▶ EXERCISE GOAL
Repeat these records exactly, pictures excluded.
※ ※ ※
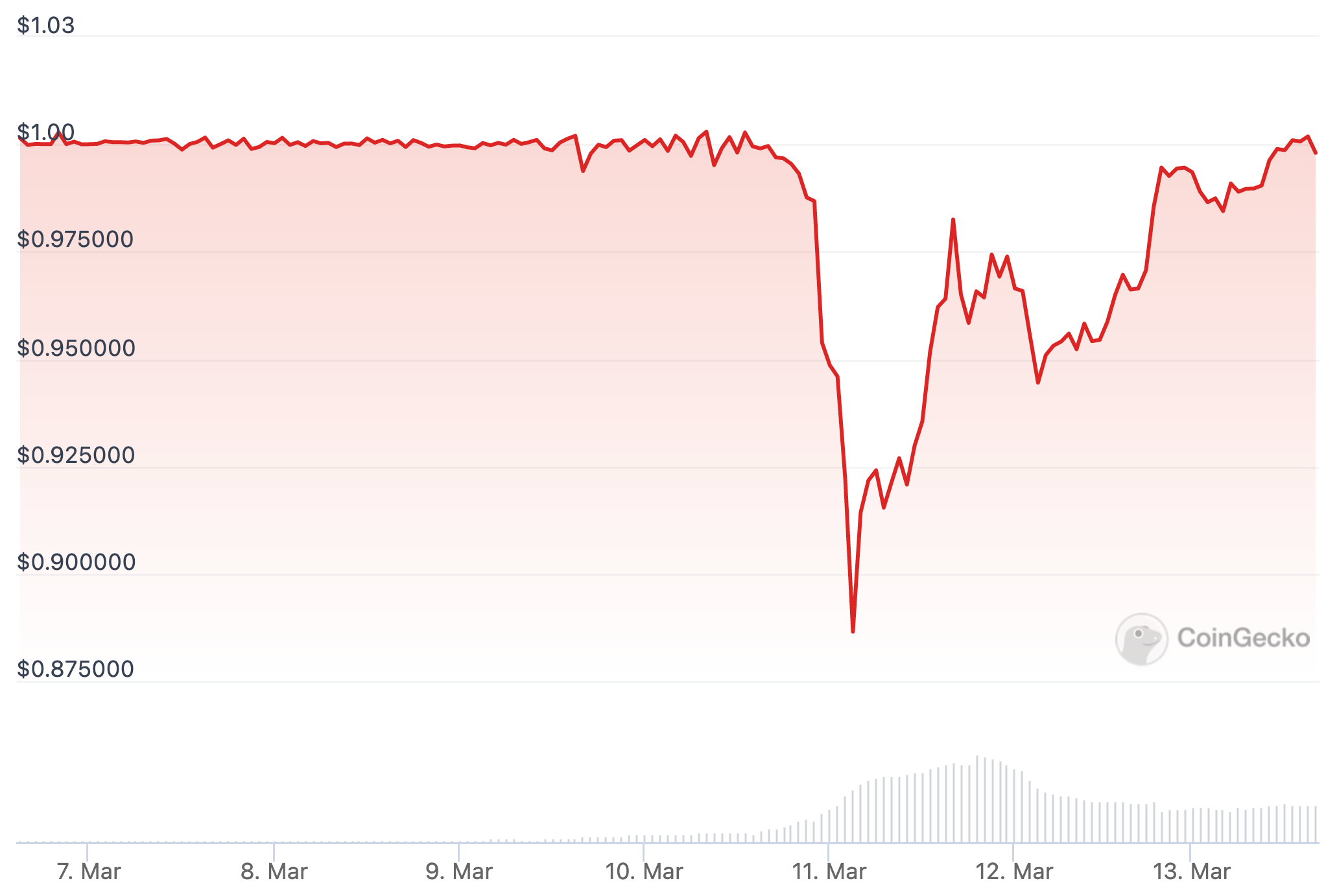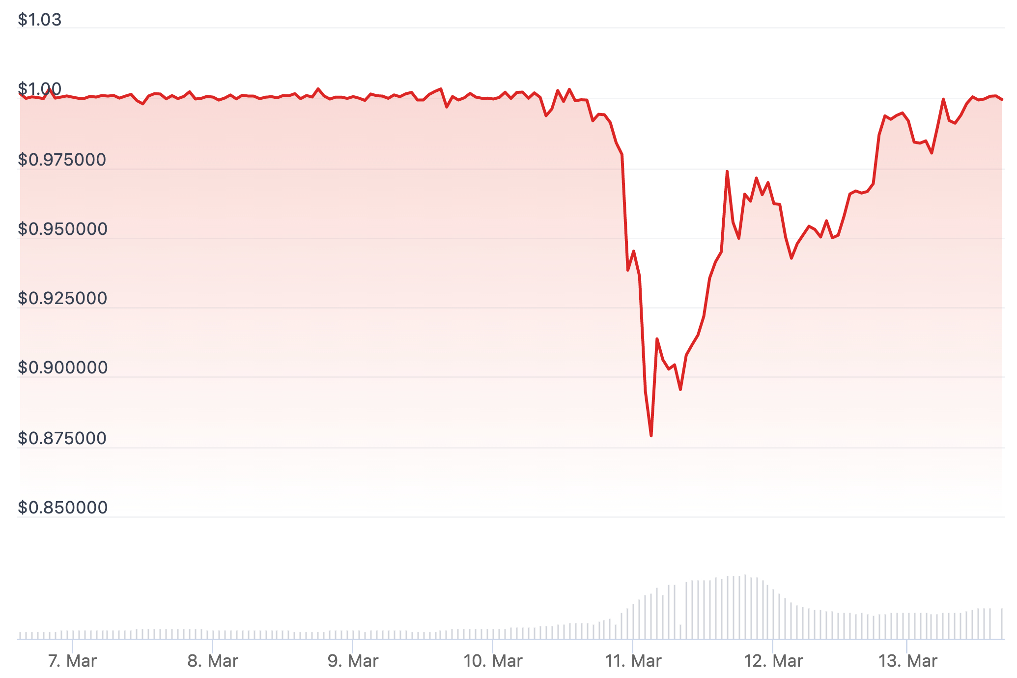 As of Monday morning, USDC had regained its peg after Circle promised that all outstanding USDC tokens could still be redeemed for $1, even if the company would need to finance it with external capital.
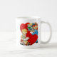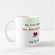 Cute Mr. and Mrs. Married mug for a bookish couple with an image of two kids handling books and two large red hearts, and customisable texts for his and her names and the date of their marriage. The design also includes a heart and the word "MARRIED" like a stamp on it. Note that you can change the image, if you wish.
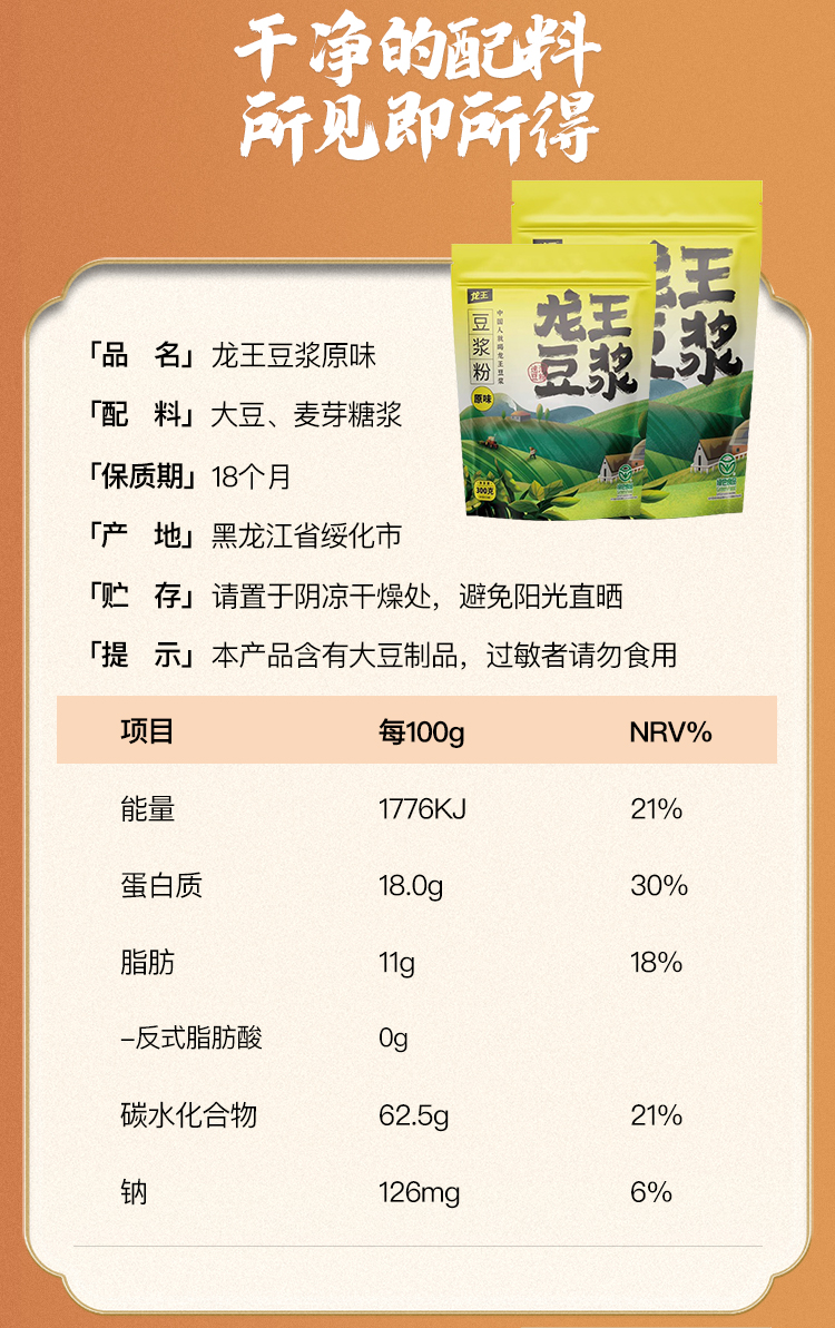 商品名称:龙王速溶豆浆粉原味600g 早餐速溶豆粉学生健身蛋白质 600g*1袋 原味
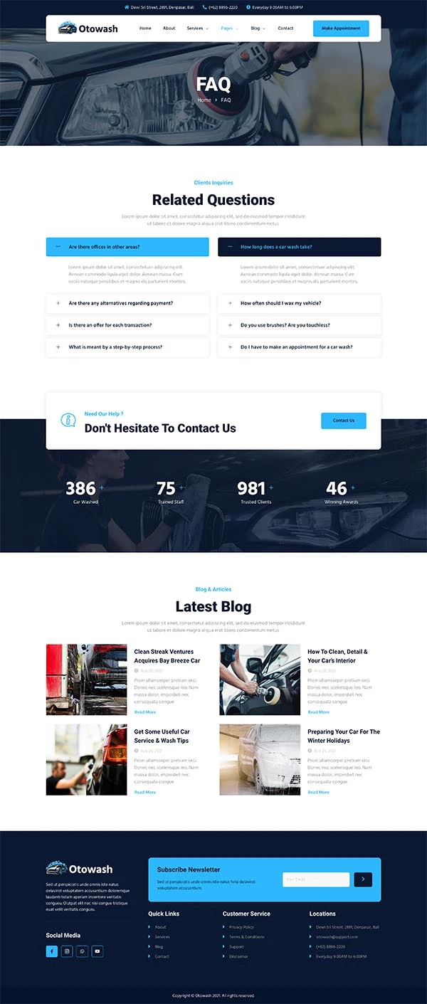 Give your car wash business an attractive online storefront with our Elementor template. Designed to captivate your customers, this sleek and modern template will allow you to showcase your services in a clear and professional manner. Thanks to its compatibility with WordPress and WooCommerce, you can easily manage your bookings and online sales. Take advantage of customizable sections to highlight your services, prices, and customer reviews, while optimizing your SEO. Simplify your website creation and attract more customers with this intuitive and powerful template.
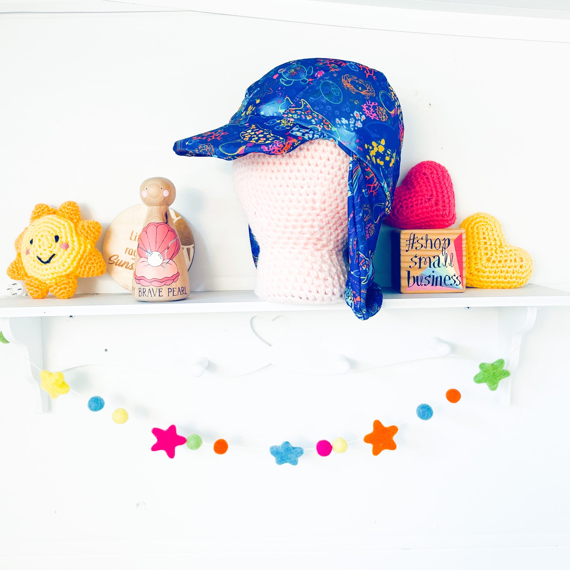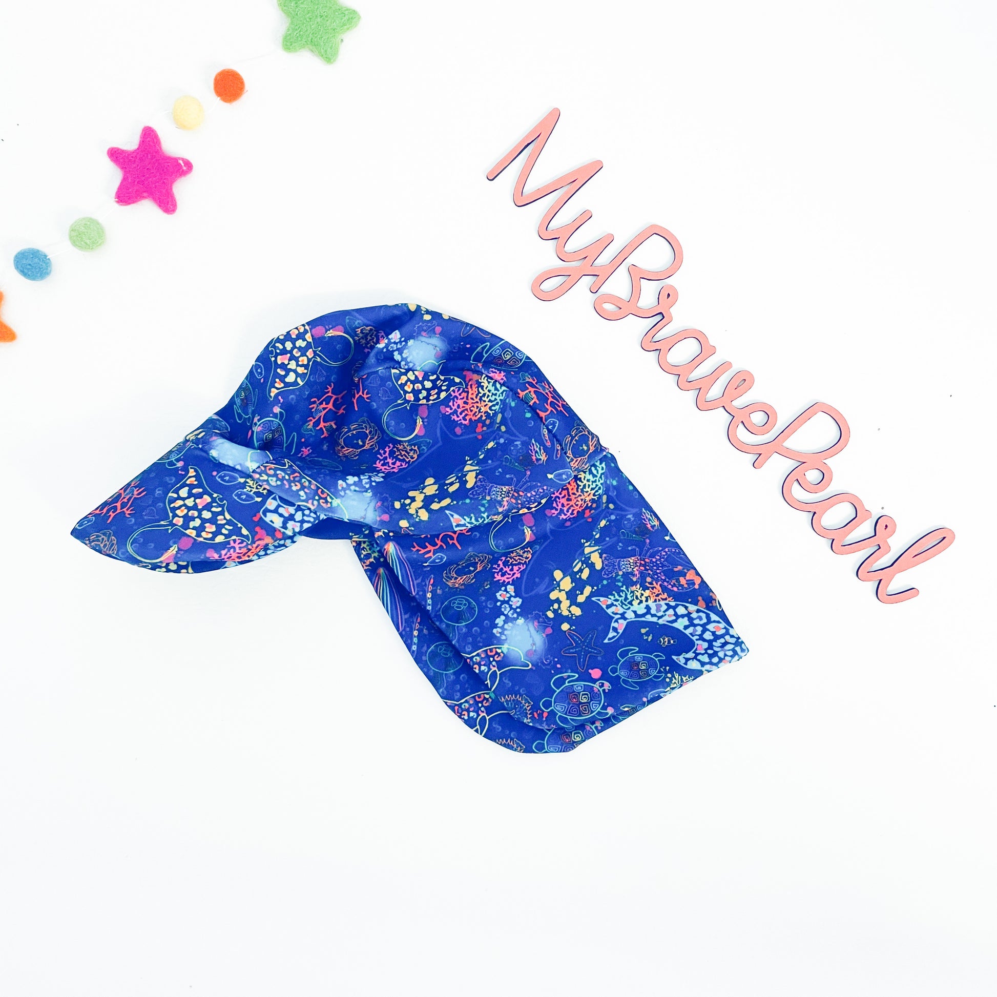 Our Peaked Swim Hats are made from SPF50 Polyester Lycra Swim Fabric.
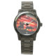 Heel patriottisch en Amerikaans, dit horloge heeft een steer roping cowboy met een enorme Amerikaanse vlag op de achtergrond. Maakt een verklaring af.
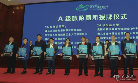 11月8日,2017年全省旅游工作推进会在平塘天文小镇召开。省委书记孙志刚,省委副书记、代省长谌贻琴等九位省领导为全省第一批评定等级的厕所授牌。图为授牌仪式现场。当代贵州全媒体记者张凯摄。
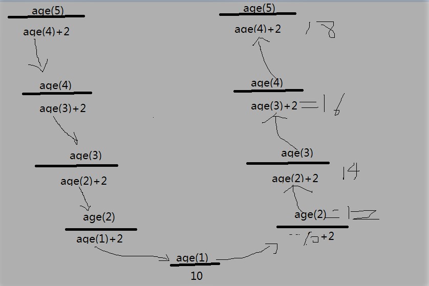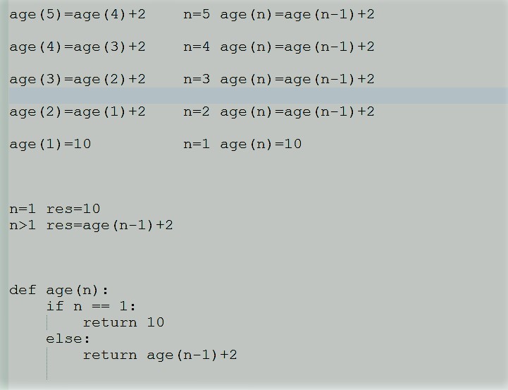def age(n): if n == 1: return 10 else: return age(n-1)+2 print(age(5)) #18
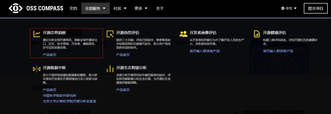 Step1: 首先,访问 OSS-Compass 官网:https://oss-compass.org,点击导航栏的"全部服务",选择开源洞察洞察,按需订阅七大洞察维度。
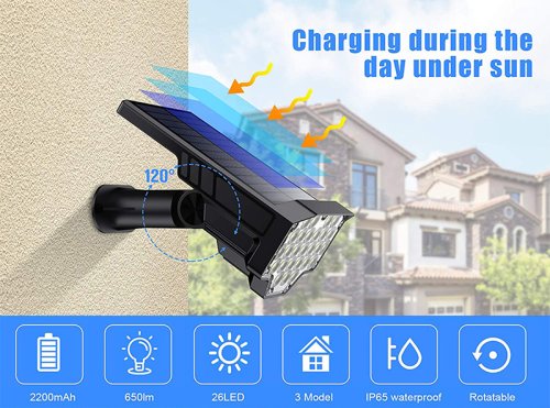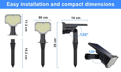 Solárne LED svetlo s 26 vysoko svietiacimi LED diódami je ideálne na osvetlenie vonkajších priestorov bez možnosti pripojenia k elektrickej sieti, ako je napr. záhrada, vstup do domu atď. Vďaka solárnemu napájaniu je LED svetlo úplne sebestačné a nezávislé na napájaní z elektrickej siete. Jeho inštalácia je veľmi jednoduchá. Či už svetlo nainštalujete na stenu, alebo zapichnete do zeme , ste schopní osvetliť akékoľvek priestory za niekoľko okamihov a bez ďalšej potreby kabeláže.
※ ※ ※
▶ EXERCISE SOLUTION
 As of Monday morning, USDC had regained its peg after Circle promised that all outstanding USDC tokens could still be redeemed for $1, even if the company would need to finance it with external capital.
 Cute Mr. and Mrs. Married mug for a bookish couple with an image of two kids handling books and two large red hearts, and customisable texts for his and her names and the date of their marriage. The design also includes a heart and the word "MARRIED" like a stamp on it. Note that you can change the image, if you wish.
 商品名称:龙王速溶豆浆粉原味600g 早餐速溶豆粉学生健身蛋白质 600g*1袋 原味
 Give your car wash business an attractive online storefront with our Elementor template. Designed to captivate your customers, this sleek and modern template will allow you to showcase your services in a clear and professional manner. Thanks to its compatibility with WordPress and WooCommerce, you can easily manage your bookings and online sales. Take advantage of customizable sections to highlight your services, prices, and customer reviews, while optimizing your SEO. Simplify your website creation and attract more customers with this intuitive and powerful template.
 Our Peaked Swim Hats are made from SPF50 Polyester Lycra Swim Fabric.
 Heel patriottisch en Amerikaans, dit horloge heeft een steer roping cowboy met een enorme Amerikaanse vlag op de achtergrond. Maakt een verklaring af.
 11月8日,2017年全省旅游工作推进会在平塘天文小镇召开。省委书记孙志刚,省委副书记、代省长谌贻琴等九位省领导为全省第一批评定等级的厕所授牌。图为授牌仪式现场。当代贵州全媒体记者张凯摄。
def age(n): if n == 1: return 10 else: return age(n-1)+2 print(age(5)) #18
 Step1: 首先,访问 OSS-Compass 官网:https://oss-compass.org,点击导航栏的"全部服务",选择开源洞察洞察,按需订阅七大洞察维度。
 Solárne LED svetlo s 26 vysoko svietiacimi LED diódami je ideálne na osvetlenie vonkajších priestorov bez možnosti pripojenia k elektrickej sieti, ako je napr. záhrada, vstup do domu atď. Vďaka solárnemu napájaniu je LED svetlo úplne sebestačné a nezávislé na napájaní z elektrickej siete. Jeho inštalácia je veľmi jednoduchá. Či už svetlo nainštalujete na stenu, alebo zapichnete do zeme , ste schopní osvetliť akékoľvek priestory za niekoľko okamihov a bez ďalšej potreby kabeláže.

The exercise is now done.